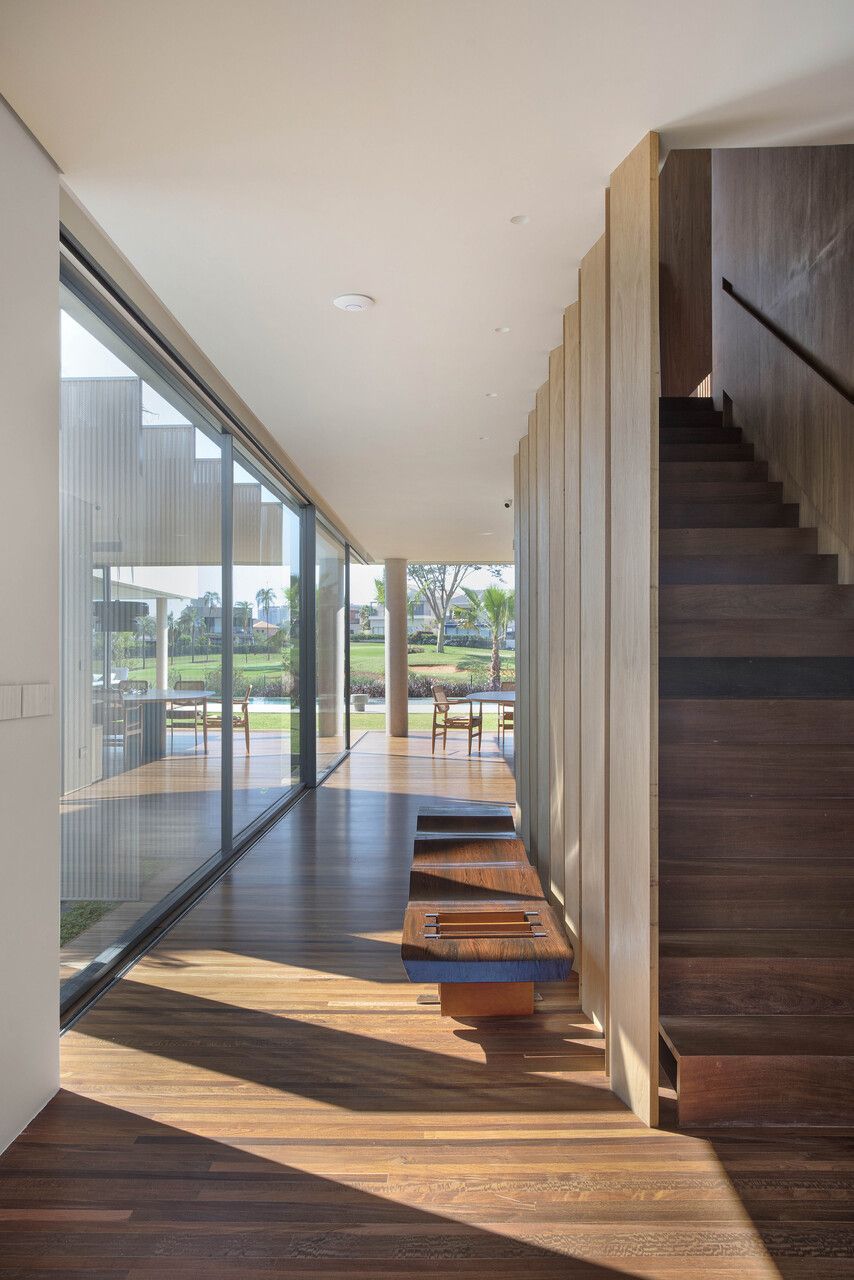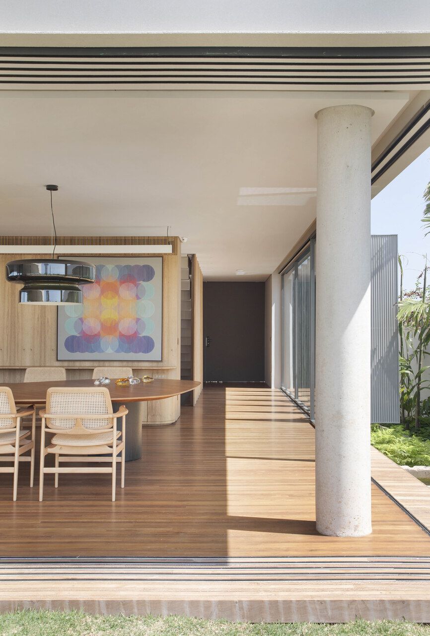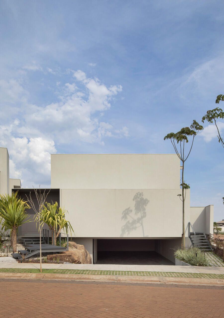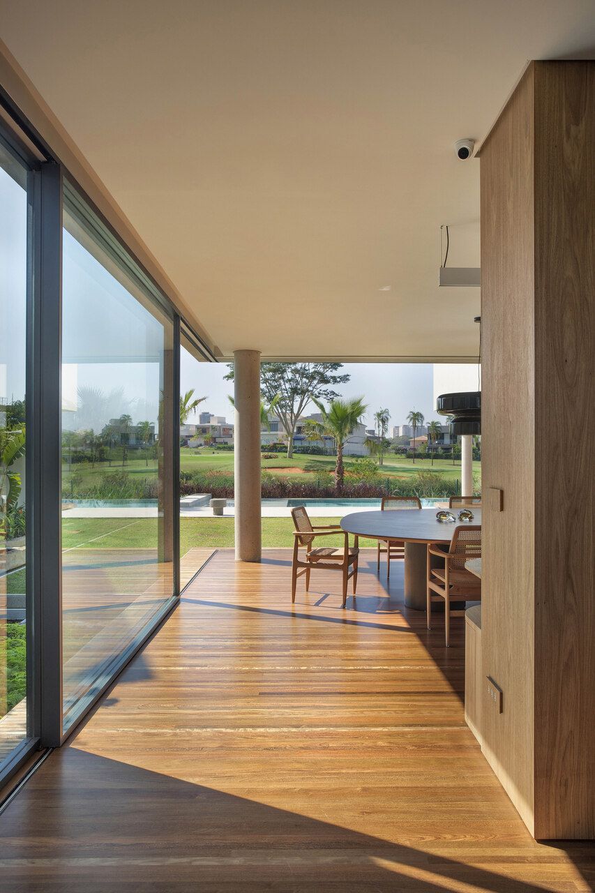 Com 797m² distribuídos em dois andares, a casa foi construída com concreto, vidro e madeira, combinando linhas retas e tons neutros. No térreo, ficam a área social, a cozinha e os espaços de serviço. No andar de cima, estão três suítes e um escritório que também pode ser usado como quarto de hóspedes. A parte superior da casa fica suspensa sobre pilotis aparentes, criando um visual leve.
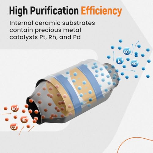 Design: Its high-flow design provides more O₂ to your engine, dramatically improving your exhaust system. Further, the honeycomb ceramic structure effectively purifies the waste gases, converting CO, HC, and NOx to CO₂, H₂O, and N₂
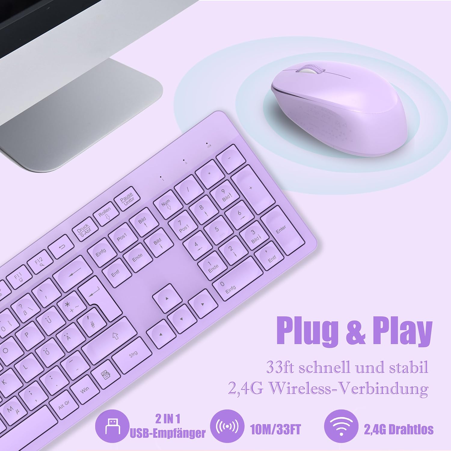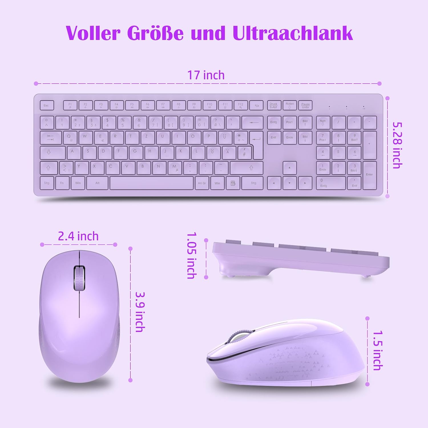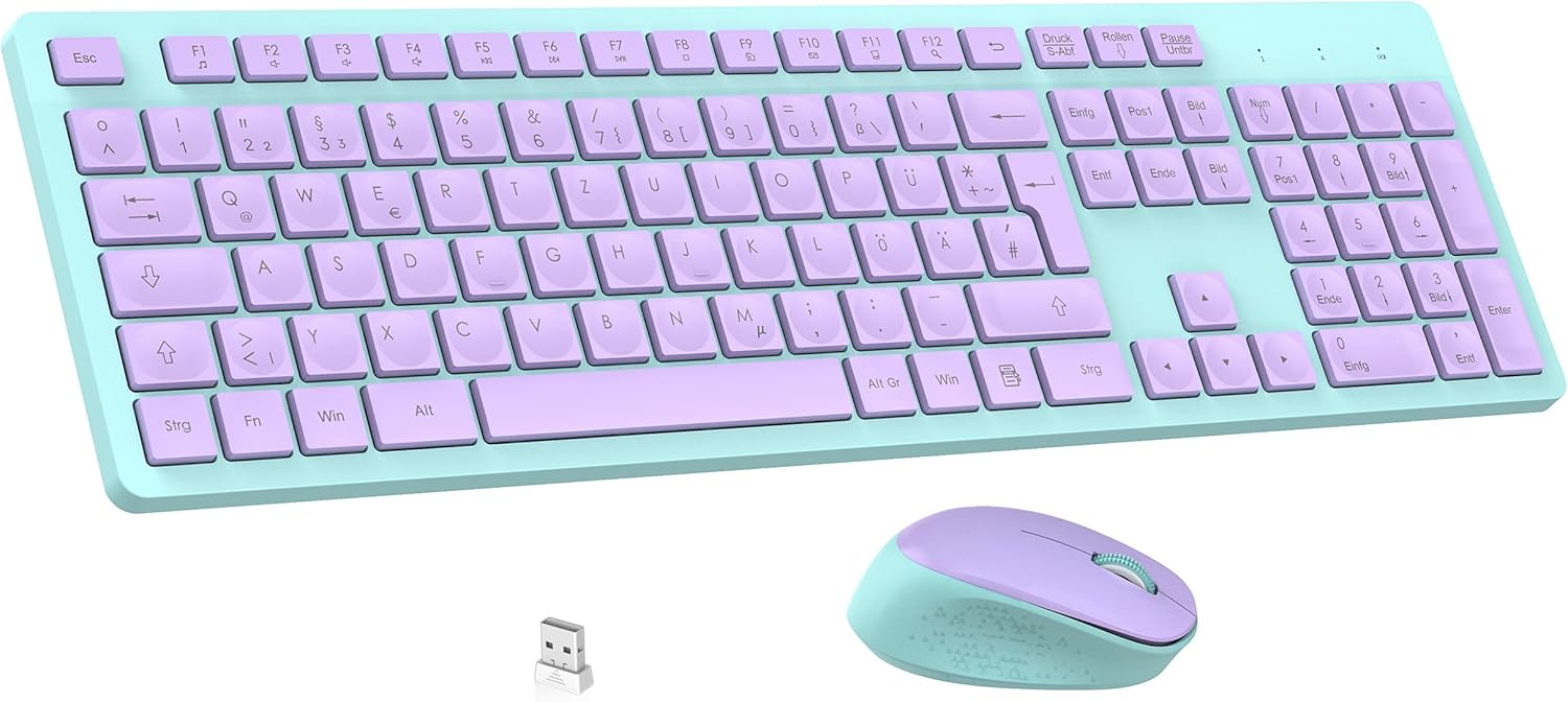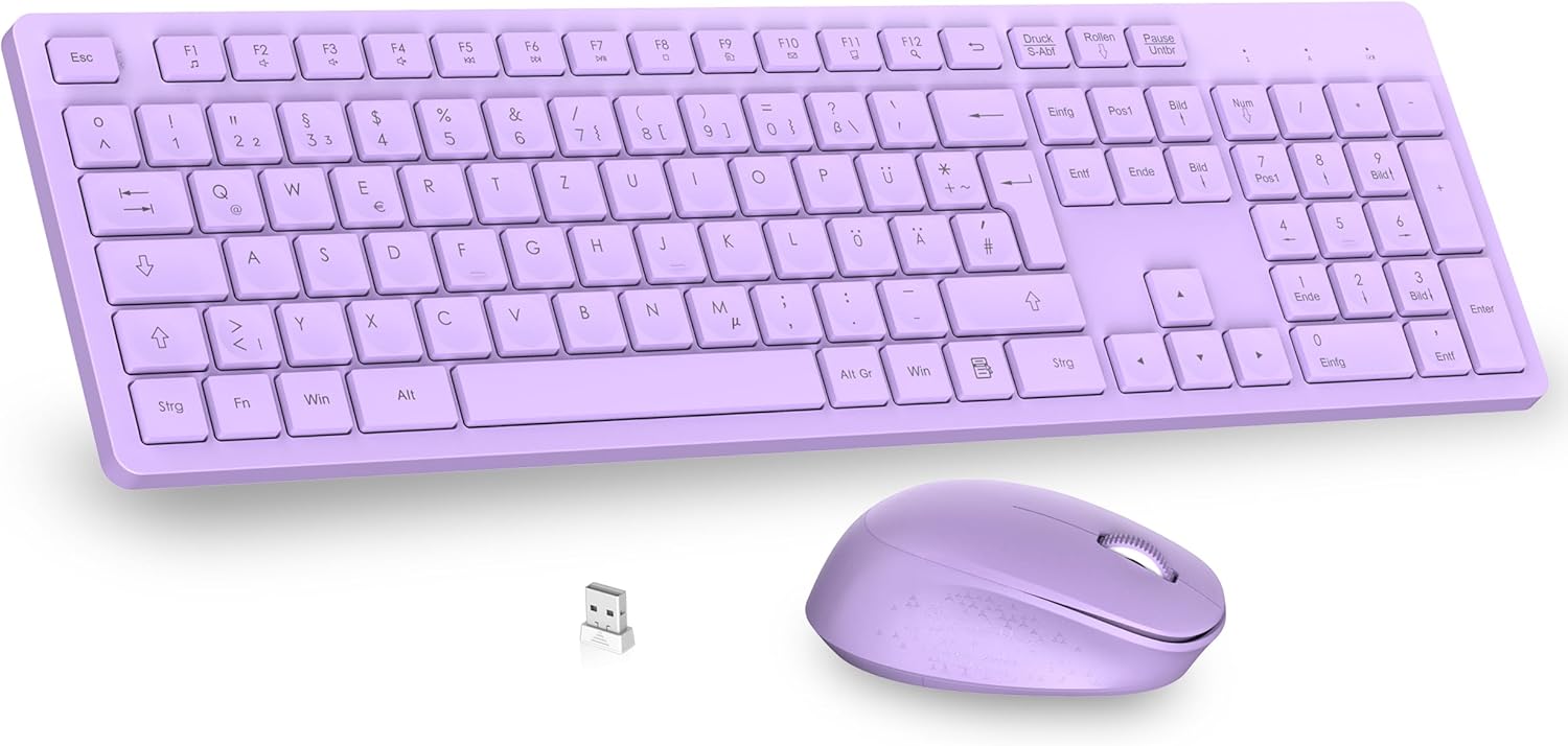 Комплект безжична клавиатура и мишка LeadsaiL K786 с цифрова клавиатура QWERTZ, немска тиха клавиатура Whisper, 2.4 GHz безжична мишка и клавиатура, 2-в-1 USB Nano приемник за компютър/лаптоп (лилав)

§ What is required
Pictures included in the data should be dropped; everything else must be repeated exactly.

§ Result of the exercise
 Com 797m² distribuídos em dois andares, a casa foi construída com concreto, vidro e madeira, combinando linhas retas e tons neutros. No térreo, ficam a área social, a cozinha e os espaços de serviço. No andar de cima, estão três suítes e um escritório que também pode ser usado como quarto de hóspedes. A parte superior da casa fica suspensa sobre pilotis aparentes, criando um visual leve.
 Design: Its high-flow design provides more O₂ to your engine, dramatically improving your exhaust system. Further, the honeycomb ceramic structure effectively purifies the waste gases, converting CO, HC, and NOx to CO₂, H₂O, and N₂
 Комплект безжична клавиатура и мишка LeadsaiL K786 с цифрова клавиатура QWERTZ, немска тиха клавиатура Whisper, 2.4 GHz безжична мишка и клавиатура, 2-в-1 USB Nano приемник за компютър/лаптоп (лилав)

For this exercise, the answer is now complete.